(Excerpts from a dataset)

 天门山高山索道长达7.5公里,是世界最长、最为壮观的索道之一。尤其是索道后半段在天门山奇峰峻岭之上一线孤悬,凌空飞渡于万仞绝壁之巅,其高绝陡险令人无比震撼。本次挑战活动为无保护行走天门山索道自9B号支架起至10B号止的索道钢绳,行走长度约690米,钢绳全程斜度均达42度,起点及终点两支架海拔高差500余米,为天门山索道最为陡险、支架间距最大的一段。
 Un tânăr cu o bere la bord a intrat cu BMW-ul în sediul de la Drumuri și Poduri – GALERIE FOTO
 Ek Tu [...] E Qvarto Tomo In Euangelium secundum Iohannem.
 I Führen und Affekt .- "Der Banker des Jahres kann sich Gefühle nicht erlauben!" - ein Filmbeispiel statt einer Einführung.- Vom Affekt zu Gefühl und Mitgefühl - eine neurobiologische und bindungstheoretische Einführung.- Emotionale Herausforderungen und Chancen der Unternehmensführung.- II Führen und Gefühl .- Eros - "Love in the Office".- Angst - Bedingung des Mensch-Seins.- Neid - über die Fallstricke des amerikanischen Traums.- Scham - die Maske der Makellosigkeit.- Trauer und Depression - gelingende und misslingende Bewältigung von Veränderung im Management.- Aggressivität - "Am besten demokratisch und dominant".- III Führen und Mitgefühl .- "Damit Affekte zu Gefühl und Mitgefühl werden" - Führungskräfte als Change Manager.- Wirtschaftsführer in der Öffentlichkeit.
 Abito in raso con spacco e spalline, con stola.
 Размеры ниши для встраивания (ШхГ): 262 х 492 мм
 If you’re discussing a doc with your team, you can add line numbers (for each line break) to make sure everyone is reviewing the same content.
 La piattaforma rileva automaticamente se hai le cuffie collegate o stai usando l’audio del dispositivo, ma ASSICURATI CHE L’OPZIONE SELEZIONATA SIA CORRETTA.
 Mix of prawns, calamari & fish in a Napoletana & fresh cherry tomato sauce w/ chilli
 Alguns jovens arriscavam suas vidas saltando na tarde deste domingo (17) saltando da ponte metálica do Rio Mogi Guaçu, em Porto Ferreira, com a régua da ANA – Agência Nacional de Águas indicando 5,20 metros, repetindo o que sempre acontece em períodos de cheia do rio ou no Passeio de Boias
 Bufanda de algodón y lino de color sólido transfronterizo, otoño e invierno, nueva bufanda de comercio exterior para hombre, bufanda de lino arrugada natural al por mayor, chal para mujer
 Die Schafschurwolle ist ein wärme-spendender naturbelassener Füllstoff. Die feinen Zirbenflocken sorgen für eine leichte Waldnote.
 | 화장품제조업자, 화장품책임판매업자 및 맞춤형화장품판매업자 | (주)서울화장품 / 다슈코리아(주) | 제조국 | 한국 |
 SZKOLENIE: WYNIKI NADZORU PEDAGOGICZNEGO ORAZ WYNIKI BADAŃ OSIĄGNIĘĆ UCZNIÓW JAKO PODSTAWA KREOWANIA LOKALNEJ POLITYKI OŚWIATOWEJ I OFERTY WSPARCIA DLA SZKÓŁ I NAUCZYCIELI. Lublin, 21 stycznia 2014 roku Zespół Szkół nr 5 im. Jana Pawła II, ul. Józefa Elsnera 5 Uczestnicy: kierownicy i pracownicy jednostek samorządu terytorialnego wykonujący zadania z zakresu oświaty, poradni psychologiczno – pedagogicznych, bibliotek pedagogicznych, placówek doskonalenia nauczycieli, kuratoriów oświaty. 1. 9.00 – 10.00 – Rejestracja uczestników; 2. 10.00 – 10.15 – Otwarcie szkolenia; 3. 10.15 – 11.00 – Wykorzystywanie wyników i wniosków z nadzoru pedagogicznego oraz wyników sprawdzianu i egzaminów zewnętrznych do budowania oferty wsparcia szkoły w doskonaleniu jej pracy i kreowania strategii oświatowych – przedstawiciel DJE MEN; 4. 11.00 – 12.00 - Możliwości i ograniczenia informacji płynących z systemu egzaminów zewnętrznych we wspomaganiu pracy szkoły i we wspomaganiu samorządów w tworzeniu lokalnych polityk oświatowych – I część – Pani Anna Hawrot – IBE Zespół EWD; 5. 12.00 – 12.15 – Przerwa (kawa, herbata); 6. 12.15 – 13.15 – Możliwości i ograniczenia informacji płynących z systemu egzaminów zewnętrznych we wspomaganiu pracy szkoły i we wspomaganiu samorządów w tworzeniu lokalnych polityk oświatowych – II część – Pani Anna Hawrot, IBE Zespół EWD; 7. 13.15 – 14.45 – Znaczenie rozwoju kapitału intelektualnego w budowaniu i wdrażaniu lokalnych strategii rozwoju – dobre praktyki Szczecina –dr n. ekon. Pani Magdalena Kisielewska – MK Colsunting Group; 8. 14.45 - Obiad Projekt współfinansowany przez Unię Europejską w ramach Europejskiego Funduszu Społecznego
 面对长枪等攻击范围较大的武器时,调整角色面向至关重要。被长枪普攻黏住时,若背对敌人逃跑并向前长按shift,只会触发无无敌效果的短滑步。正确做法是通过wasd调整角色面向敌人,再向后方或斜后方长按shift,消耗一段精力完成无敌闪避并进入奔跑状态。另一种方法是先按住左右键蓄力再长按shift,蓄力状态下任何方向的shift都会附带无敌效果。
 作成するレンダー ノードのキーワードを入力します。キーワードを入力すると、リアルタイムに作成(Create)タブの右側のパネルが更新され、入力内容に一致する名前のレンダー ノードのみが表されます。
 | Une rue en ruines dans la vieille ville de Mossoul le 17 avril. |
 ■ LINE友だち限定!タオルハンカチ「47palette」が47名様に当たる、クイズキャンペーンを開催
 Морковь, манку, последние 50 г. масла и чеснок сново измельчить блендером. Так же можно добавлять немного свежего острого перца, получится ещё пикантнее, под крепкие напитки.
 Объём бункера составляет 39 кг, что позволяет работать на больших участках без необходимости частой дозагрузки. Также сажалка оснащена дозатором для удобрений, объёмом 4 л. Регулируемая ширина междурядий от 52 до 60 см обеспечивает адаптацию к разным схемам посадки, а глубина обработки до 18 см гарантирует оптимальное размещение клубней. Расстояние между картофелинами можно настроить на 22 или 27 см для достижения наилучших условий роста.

Task goal: The entries above must be written out again exactly as they are.

Response to this task:
 天门山高山索道长达7.5公里,是世界最长、最为壮观的索道之一。尤其是索道后半段在天门山奇峰峻岭之上一线孤悬,凌空飞渡于万仞绝壁之巅,其高绝陡险令人无比震撼。本次挑战活动为无保护行走天门山索道自9B号支架起至10B号止的索道钢绳,行走长度约690米,钢绳全程斜度均达42度,起点及终点两支架海拔高差500余米,为天门山索道最为陡险、支架间距最大的一段。
 Un tânăr cu o bere la bord a intrat cu BMW-ul în sediul de la Drumuri și Poduri – GALERIE FOTO
 Ek Tu [...] E Qvarto Tomo In Euangelium secundum Iohannem.
 I Führen und Affekt .- "Der Banker des Jahres kann sich Gefühle nicht erlauben!" - ein Filmbeispiel statt einer Einführung.- Vom Affekt zu Gefühl und Mitgefühl - eine neurobiologische und bindungstheoretische Einführung.- Emotionale Herausforderungen und Chancen der Unternehmensführung.- II Führen und Gefühl .- Eros - "Love in the Office".- Angst - Bedingung des Mensch-Seins.- Neid - über die Fallstricke des amerikanischen Traums.- Scham - die Maske der Makellosigkeit.- Trauer und Depression - gelingende und misslingende Bewältigung von Veränderung im Management.- Aggressivität - "Am besten demokratisch und dominant".- III Führen und Mitgefühl .- "Damit Affekte zu Gefühl und Mitgefühl werden" - Führungskräfte als Change Manager.- Wirtschaftsführer in der Öffentlichkeit.
 Abito in raso con spacco e spalline, con stola.
 Размеры ниши для встраивания (ШхГ): 262 х 492 мм
 If you’re discussing a doc with your team, you can add line numbers (for each line break) to make sure everyone is reviewing the same content.
 La piattaforma rileva automaticamente se hai le cuffie collegate o stai usando l’audio del dispositivo, ma ASSICURATI CHE L’OPZIONE SELEZIONATA SIA CORRETTA.
 Mix of prawns, calamari & fish in a Napoletana & fresh cherry tomato sauce w/ chilli
 Alguns jovens arriscavam suas vidas saltando na tarde deste domingo (17) saltando da ponte metálica do Rio Mogi Guaçu, em Porto Ferreira, com a régua da ANA – Agência Nacional de Águas indicando 5,20 metros, repetindo o que sempre acontece em períodos de cheia do rio ou no Passeio de Boias
 Bufanda de algodón y lino de color sólido transfronterizo, otoño e invierno, nueva bufanda de comercio exterior para hombre, bufanda de lino arrugada natural al por mayor, chal para mujer
 Die Schafschurwolle ist ein wärme-spendender naturbelassener Füllstoff. Die feinen Zirbenflocken sorgen für eine leichte Waldnote.
 | 화장품제조업자, 화장품책임판매업자 및 맞춤형화장품판매업자 | (주)서울화장품 / 다슈코리아(주) | 제조국 | 한국 |
 SZKOLENIE: WYNIKI NADZORU PEDAGOGICZNEGO ORAZ WYNIKI BADAŃ OSIĄGNIĘĆ UCZNIÓW JAKO PODSTAWA KREOWANIA LOKALNEJ POLITYKI OŚWIATOWEJ I OFERTY WSPARCIA DLA SZKÓŁ I NAUCZYCIELI. Lublin, 21 stycznia 2014 roku Zespół Szkół nr 5 im. Jana Pawła II, ul. Józefa Elsnera 5 Uczestnicy: kierownicy i pracownicy jednostek samorządu terytorialnego wykonujący zadania z zakresu oświaty, poradni psychologiczno – pedagogicznych, bibliotek pedagogicznych, placówek doskonalenia nauczycieli, kuratoriów oświaty. 1. 9.00 – 10.00 – Rejestracja uczestników; 2. 10.00 – 10.15 – Otwarcie szkolenia; 3. 10.15 – 11.00 – Wykorzystywanie wyników i wniosków z nadzoru pedagogicznego oraz wyników sprawdzianu i egzaminów zewnętrznych do budowania oferty wsparcia szkoły w doskonaleniu jej pracy i kreowania strategii oświatowych – przedstawiciel DJE MEN; 4. 11.00 – 12.00 - Możliwości i ograniczenia informacji płynących z systemu egzaminów zewnętrznych we wspomaganiu pracy szkoły i we wspomaganiu samorządów w tworzeniu lokalnych polityk oświatowych – I część – Pani Anna Hawrot – IBE Zespół EWD; 5. 12.00 – 12.15 – Przerwa (kawa, herbata); 6. 12.15 – 13.15 – Możliwości i ograniczenia informacji płynących z systemu egzaminów zewnętrznych we wspomaganiu pracy szkoły i we wspomaganiu samorządów w tworzeniu lokalnych polityk oświatowych – II część – Pani Anna Hawrot, IBE Zespół EWD; 7. 13.15 – 14.45 – Znaczenie rozwoju kapitału intelektualnego w budowaniu i wdrażaniu lokalnych strategii rozwoju – dobre praktyki Szczecina –dr n. ekon. Pani Magdalena Kisielewska – MK Colsunting Group; 8. 14.45 - Obiad Projekt współfinansowany przez Unię Europejską w ramach Europejskiego Funduszu Społecznego
 面对长枪等攻击范围较大的武器时,调整角色面向至关重要。被长枪普攻黏住时,若背对敌人逃跑并向前长按shift,只会触发无无敌效果的短滑步。正确做法是通过wasd调整角色面向敌人,再向后方或斜后方长按shift,消耗一段精力完成无敌闪避并进入奔跑状态。另一种方法是先按住左右键蓄力再长按shift,蓄力状态下任何方向的shift都会附带无敌效果。
 作成するレンダー ノードのキーワードを入力します。キーワードを入力すると、リアルタイムに作成(Create)タブの右側のパネルが更新され、入力内容に一致する名前のレンダー ノードのみが表されます。
 | Une rue en ruines dans la vieille ville de Mossoul le 17 avril. |
 ■ LINE友だち限定!タオルハンカチ「47palette」が47名様に当たる、クイズキャンペーンを開催
 Морковь, манку, последние 50 г. масла и чеснок сново измельчить блендером. Так же можно добавлять немного свежего острого перца, получится ещё пикантнее, под крепкие напитки.
 Объём бункера составляет 39 кг, что позволяет работать на больших участках без необходимости частой дозагрузки. Также сажалка оснащена дозатором для удобрений, объёмом 4 л. Регулируемая ширина междурядий от 52 до 60 см обеспечивает адаптацию к разным схемам посадки, а глубина обработки до 18 см гарантирует оптимальное размещение клубней. Расстояние между картофелинами можно настроить на 22 или 27 см для достижения наилучших условий роста.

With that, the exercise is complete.